While our integration approach epitomizes on the increased sensitivity provided by multivariate analysis in each modality, the multivariate treatment is not complete. Our approach does not allow estimation of the relation between any set of voxels and MEG data but is constrained in that only local response fMRI patterns are considered in the searchlight approach. We thus trade the ability to account for widely distributed information across the whole brain for precise localization and computational tractability.
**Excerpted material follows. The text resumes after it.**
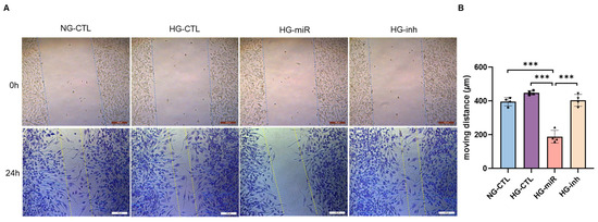 Effect of miR-124 on microglia mobility in high glucose conditions. (A) Representative images of WHA performed with high glucose (4.5 g/L)-treated BV2 cells which were transfected with control miRNA (HG-CTL), or miR-124 mimic (HG-miR) or miR-124 inhibitor (HG-inh) for 24 h. Cells cultured in normal glucose medium and transfected with control miRNA were used as control (NG-CTL). At the endpoint, cells were fixed in methanol and stained with Giemsa. The images at the time point of 0 h (upper panel) and 24 h (low panel) were taken with the Leica DMIRB light microscope, scale bar = 200 µm. (B) Quantification of the moving distances calculated from the gap sizes measured at 0 h and 24 h, 10 random measurements of each image, 4 images from each group. Data are shown as mean ± SD, n = 4, *** p < 0.001 (one-way ANOVA with Tukey’s multiple comparisons test).

The second advantage of the integration approach is the high specificity of the integration results. By seeking shared MEG and fMRI similarity patterns across a large set of conditions, that is, covariance in similarity relations, our approach provides rich constraints on integration: for a set of any C conditions, there are ((C × C) − C)/2 different values in the representation matrices being compared. In contrast, previous approaches relied on smaller sets, that is, co-variance in activation across few steps of parametric modulation (Mangun et al. 1997; Horovitz et al. 2004; Schicke et al. 2006) or co-variance across subjects (Sadeh et al. 2011). However, the high specificity of our approach is limited to experimental contexts where a large number of conditions are available. For best results, specifically optimized experimental paradigms are thus required.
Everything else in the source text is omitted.